Diversification may be a good motivation for the management of a company but it isn’t necessarily a good motive from the standpoint of the owners of the firm, those pesky shareholders. A conglomerate merger actually reduces the investor’s ability to make choices among firms.
For tax considerations
Some mergers take place because it simply makes good sense from a tax perspective. Specifically, if a firm has accumulated large tax losses, it may make an attractive acquisition target by a firm with a large tax bill. The combined firm will have a lower tax bill than the two separate firms.
In addition, a firm that is able to increase its depreciation charges following an acquisition will save in taxes. These tax savings should result in an increase in firm value.
Rarely will a merger take place solely for the purpose of realizing tax savings, but it is a contributing factor.
For greater control
Many companies are acquired because the acquirer believes that there is hidden value in the assets of the acquired firm that can be unlocked if it gains control. In other words, the company is mismanaged and the new management team can turn the enterprise around.

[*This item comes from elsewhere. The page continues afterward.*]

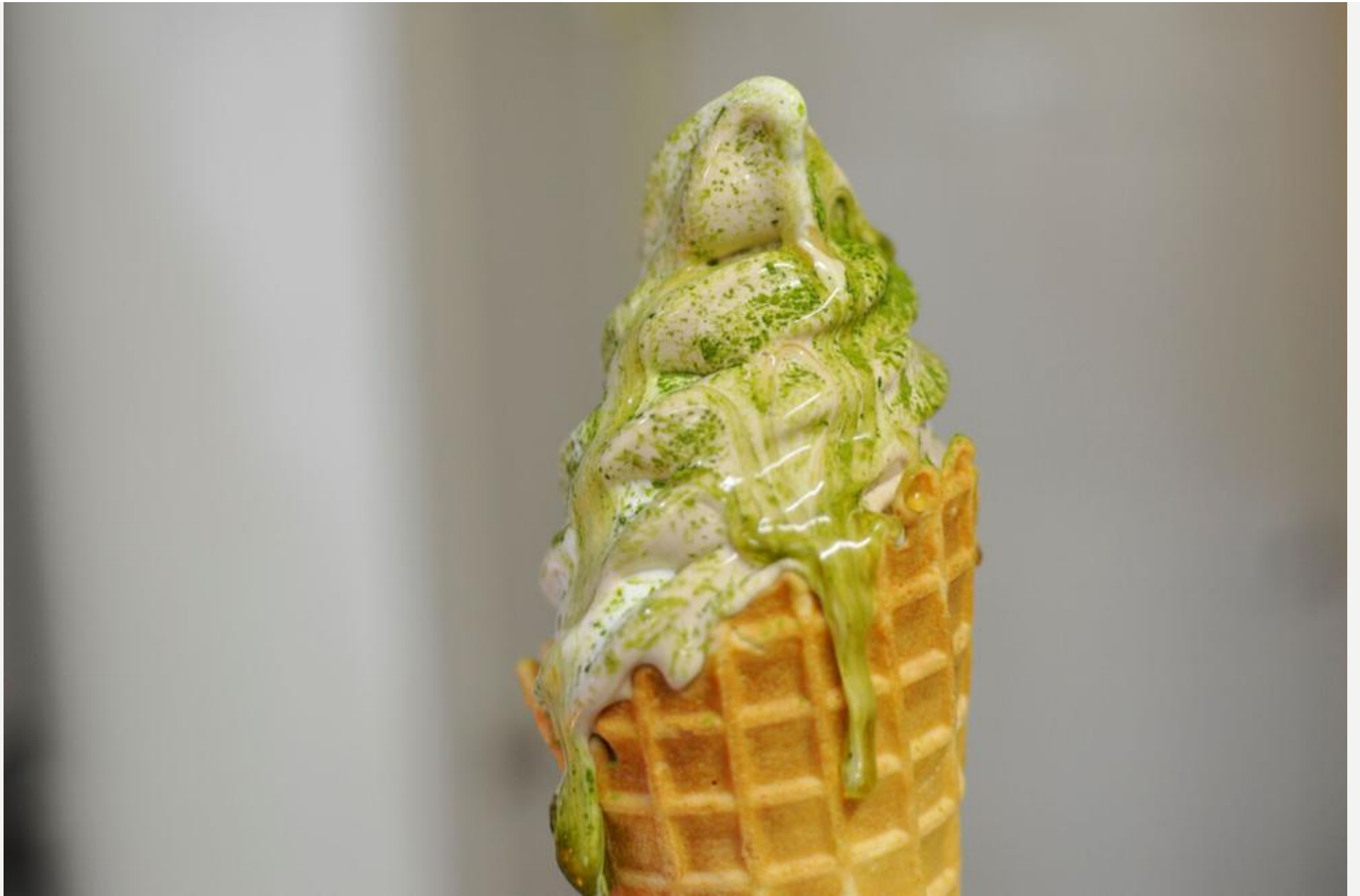
Kinfolk's soft-serve ice cream can be topped with items like matcha and honey or Ghost Reaper sugar.
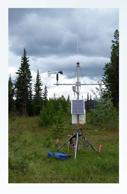
An NHG weather station, this one at Tatuk Lake in the upper Chilako River Watershed

If a company truly is being mismanaged, the value of the assets is not being maximized. If those assets can be acquired at a depressed price that reflects the current use of the assets, and the acquirer can make more effective use of those assets, then the hidden value of the assets can be realized through a change in control.
You often hear about a firm being acquired for less than breakup value. What that essentially means is that the value of the assets if the company is broken up and sold is greater than the market value of the firm as an ongoing entity. This kind of apparent undervaluation by the market is completely rational if the current management is squandering the use of the company’s assets.
To capitalize on untapped borrowing capacity
A source of hidden value is unused borrowing capacity. A firm may be an attractive takeover candidate if it has little or no debt on its balance sheet. An acquiring firm could acquire the assets of the firm and utilize the previously untapped borrowing capacity to acquire much needed capital and expand even further.
If the firm can make more on the borrowed funds than those funds cost, it will realize an increase in value and add to the combined firm’s return on equity, making both the shareholders and the management happy.